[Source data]
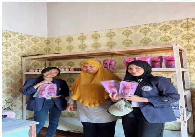
Gambar 2. 2 Pengambilan Gambar & Video Produk UMKM Chio Snack

Berdiskusi dengan pemilik UMKM bagaimana konten kekinian yang menarik dan sedang ramai digunakan oleh penjual online lainnya sebagai bentuk kreatif menarik dari konten-konten yang sudah ada sebelumnya lalu akan dipromosikan di media sosial . Serta Pengambilan beberapa objek produk untuk di ambil gambar serta video nya , lalu dijadikan konten promosi. Kegiatan ini dilaksanakan pada hari Jum'at 25 Agustus 2023, dapat dilihat pada gambar 2.
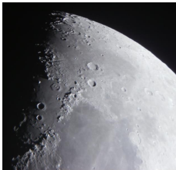
Foto 2: Particolare della Luna con Appennini (sotto), Caucaso (centro) e Aristotele

Saranno previste delle giornate per l'osservazione del Sole con appositi filtri (Herschel in luce bianca e Idrogeno alfa "H \alpha " per le protuberanze).
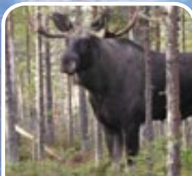
Elchpark Vittangi www.moosefarm.se
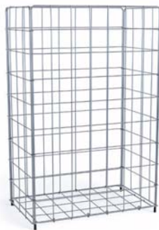
Corbeille à papier en inox, 60l, No. 750000 Fixation pour corbeille à papier, No. 300301000

Treillis en inox | brossé mat | pieds plastiques noirs | posée au sol ou fixée au mur | pliable | volume de 60 litres environ
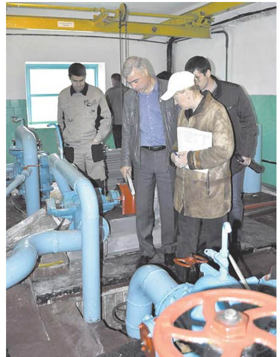
Водозабор Нижний Шахтаум

на территориях, то там все плановые работы идут поставленным целевым заданием. Ведь участки водоснабжения и водоотведения у нас на обслуживании с самого запуска в работу, с начала 80-х годов, поэтому там ремонты все в рабочем режиме. Есть вопросы, касающиеся качества воды в отдельных посёлках, таких как п. Хорогочи и п. Восточный, там уровень железа превышает норматив. Я понимаю, что если мы предоставляем услугу и берём за неё деньги, мы должны делать это качественно. И это сегодня знают потребители, потому что они черпают информацию из разных источников и знают свои права. Другое дело, что в своё время, когда строились в посёлках коммунальные объекты, уже тогда проектные организации, зная по пробным откочкам, что вода не совсем соответствует нормативам, не предусмотрели в технологической схеме водоснабжения станции очистки для питьевой воды. Сейчас, чтобы решить данную проблему, нужно уста-
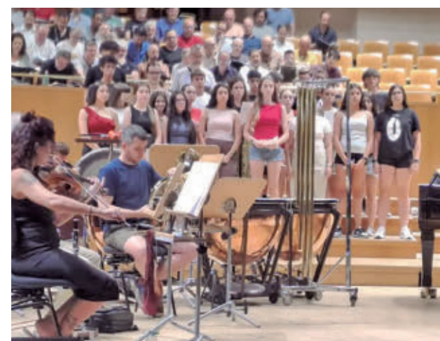
Alumnos mostoleños y músicos profesionales de la OCNE

Los alumnos han podido crear una pieza musical con músicos profesionales de la OCNE que interpretarán en el Auditorio Nacional el próximo 8 de junio.
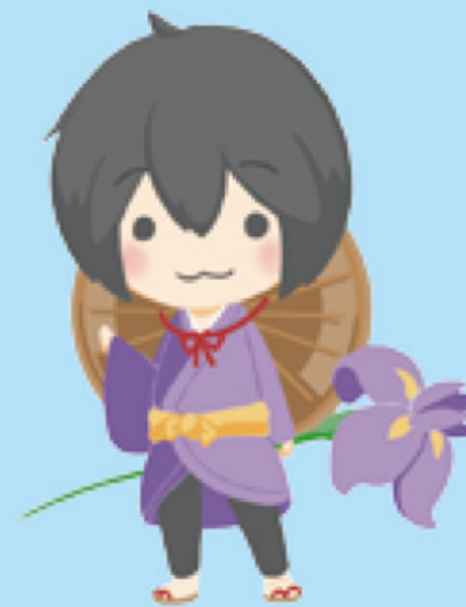
香取市外国人おもてなしBOOK 主人公 かとりあやめ
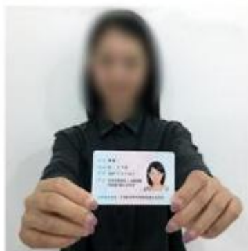
(手持身份证照片示例)
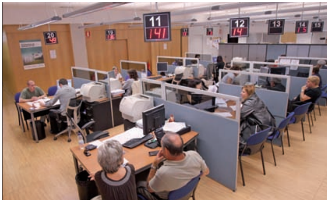
El 1,75% de los funcionarios no acudió al trabajo frente al 1,76% del sector privado
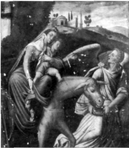
Hortonedà, pel que sembla, va pintar el 1608 el quadre Fugida a Egipte , compartiment del retaule del Sant Nom de Jesús, per a l'església de Vallmoll. (Extret d' Aplec de Treballs núm. 12. CEGB. Montblanc, 1994, p. 97)

Treball que sintetitza el conegut sobre el pintor Hortonedà. De Vallmoll, va rebre l'encàrrec de la suposada taula que va pintar el 1608, Fugida a Egipte , compartiment del retaule del Sant Nom de Jesús, dipositat al Museu Diocesà de Tarragona, el 1914, procedent de la parroquial. S'assenyalen detalls curiosos com que el 4 d'agost de 1608 el pintor cobrà 130 lliures i 2 diners dels jurats de Vallmoll, reconeixent haver-los cobrat pel seu treball en un retaule dedicat al Sant Nom de Jesús. Part de la quantitat l'havia rebuda en espècies: carn i una mesura (cortera) de blat, aspecte que fa suposar a l'autora de l'article que aquesta vianda li devia haver estat subministrada a Vallmoll mentre pintava. A continuació s'hi detallen aspectes de contrast amb un quadre del mateix nom realitzat a Montblanc, en punts com Maria, amb l'infant als braços, rialler, muntada sobre una somera conduïda per l'àngel; turons coronats per unes construccions que poden ser identificades amb un obelisc i el Panteó de Roma; les tonalitats grisenques com a paisatge de fons i del cel; etc.; i, tanmateix, aspectes que no surten en un dels dos quadres posats a col·lació i contrast. Una fotografia il·lustra l'explicació.

What is needed:
May I have only the lines from the start of the data through the line containing "Alumnos mostoleños y", both included, reproduced exactly and without the pictures?

Exercise result:
Gambar 2. 2 Pengambilan Gambar & Video Produk UMKM Chio Snack

Berdiskusi dengan pemilik UMKM bagaimana konten kekinian yang menarik dan sedang ramai digunakan oleh penjual online lainnya sebagai bentuk kreatif menarik dari konten-konten yang sudah ada sebelumnya lalu akan dipromosikan di media sosial . Serta Pengambilan beberapa objek produk untuk di ambil gambar serta video nya , lalu dijadikan konten promosi. Kegiatan ini dilaksanakan pada hari Jum'at 25 Agustus 2023, dapat dilihat pada gambar 2.
Foto 2: Particolare della Luna con Appennini (sotto), Caucaso (centro) e Aristotele

Saranno previste delle giornate per l'osservazione del Sole con appositi filtri (Herschel in luce bianca e Idrogeno alfa "H \alpha " per le protuberanze).
Elchpark Vittangi www.moosefarm.se
Corbeille à papier en inox, 60l, No. 750000 Fixation pour corbeille à papier, No. 300301000

Treillis en inox | brossé mat | pieds plastiques noirs | posée au sol ou fixée au mur | pliable | volume de 60 litres environ
Водозабор Нижний Шахтаум

на территориях, то там все плановые работы идут поставленным целевым заданием. Ведь участки водоснабжения и водоотведения у нас на обслуживании с самого запуска в работу, с начала 80-х годов, поэтому там ремонты все в рабочем режиме. Есть вопросы, касающиеся качества воды в отдельных посёлках, таких как п. Хорогочи и п. Восточный, там уровень железа превышает норматив. Я понимаю, что если мы предоставляем услугу и берём за неё деньги, мы должны делать это качественно. И это сегодня знают потребители, потому что они черпают информацию из разных источников и знают свои права. Другое дело, что в своё время, когда строились в посёлках коммунальные объекты, уже тогда проектные организации, зная по пробным откочкам, что вода не совсем соответствует нормативам, не предусмотрели в технологической схеме водоснабжения станции очистки для питьевой воды. Сейчас, чтобы решить данную проблему, нужно уста-
Alumnos mostoleños y músicos profesionales de la OCNE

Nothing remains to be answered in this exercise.